Simultaneous creatine and phosphocreatine mapping of skeletal muscle by CEST MRI at 3T
Licheng Ju, Kexin Wang, Michael Schär, Su Xu, Joshua Rogers, Dan Zhu, Qin Qin, Robert G. Weiss, Jiadi Xu
Abstract
Purpose
To confirm that CrCEST in muscle exhibits a slow-exchanging process, and to obtain high-resolution amide, creatine (Cr), and phosphocreatine (PCr) maps of skeletal muscle using a POlynomial and Lorentzian Line-shape Fitting (PLOF) CEST at 3T.
Methods
We used dynamic changes in PCr/CrCEST of mouse hindlimb before and after euthanasia to assign the Cr and PCr CEST peaks in the Z-spectrum at 3T and to obtain the optimum saturation parameters.

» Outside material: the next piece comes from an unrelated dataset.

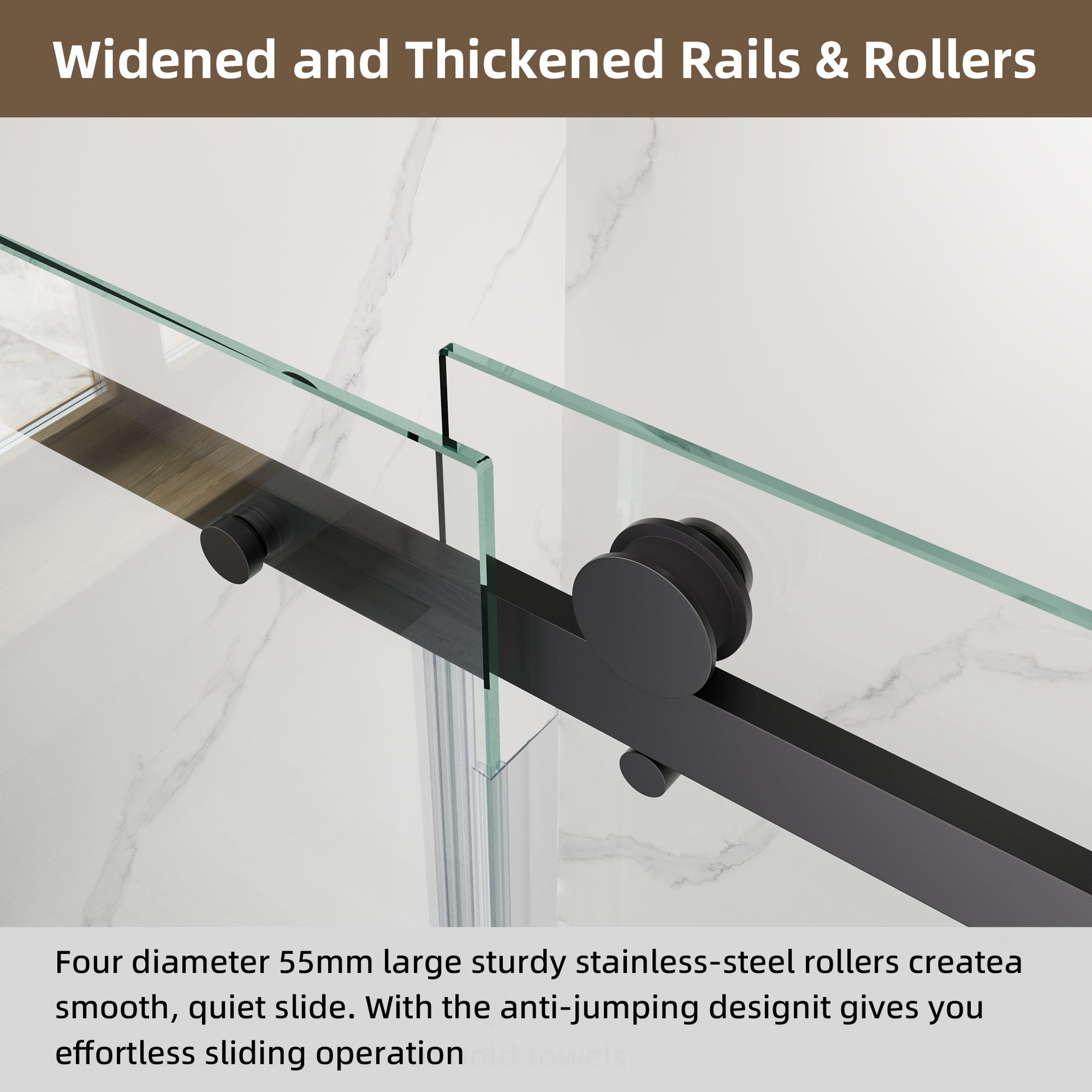 - Semi-Framed Single Swing – Modern Black/Nickel Finish with Silent Rollers

Segmented 3D EPI was employed to obtain multi-slice amide, PCr, and Cr CEST maps of human skeletal muscle. Subsequently, the PCrCEST maps were calibrated using the PCr concentrations determined by 31P MRS.
Results
A comparison of the Z-spectra in mouse hindlimb before and after euthanasia indicated that CrCEST is a slow-exchanging process in muscle (<150.7 s−1). This allowed us to simultaneously extract PCr/CrCEST signals at 3T using the PLOF method. We determined optimal B1 values ranging from 0.3 to 0.6 μT for CrCEST in muscle and 0.3–1.2 μT for PCrCEST. For the study on human calf muscle, we determined an optimum saturation time of 2 s for both PCr/CrCEST (B1 = 0.6 μT). The PCr/CrCEST using 3D EPI were found to be comparable to those obtained using turbo spin echo (TSE). (3D EPI/TSE PCr: (2.6 ± 0.3) %/(2.3 ± 0.1) %; Cr: (1.3 ± 0.1) %/(1.4 ± 0.07) %).
Conclusions
Our study showed that in vivo CrCEST is a slow-exchanging process. Hence, amide, Cr, and PCr CEST in the skeletal muscle can be mapped simultaneously at 3T by PLOF CEST.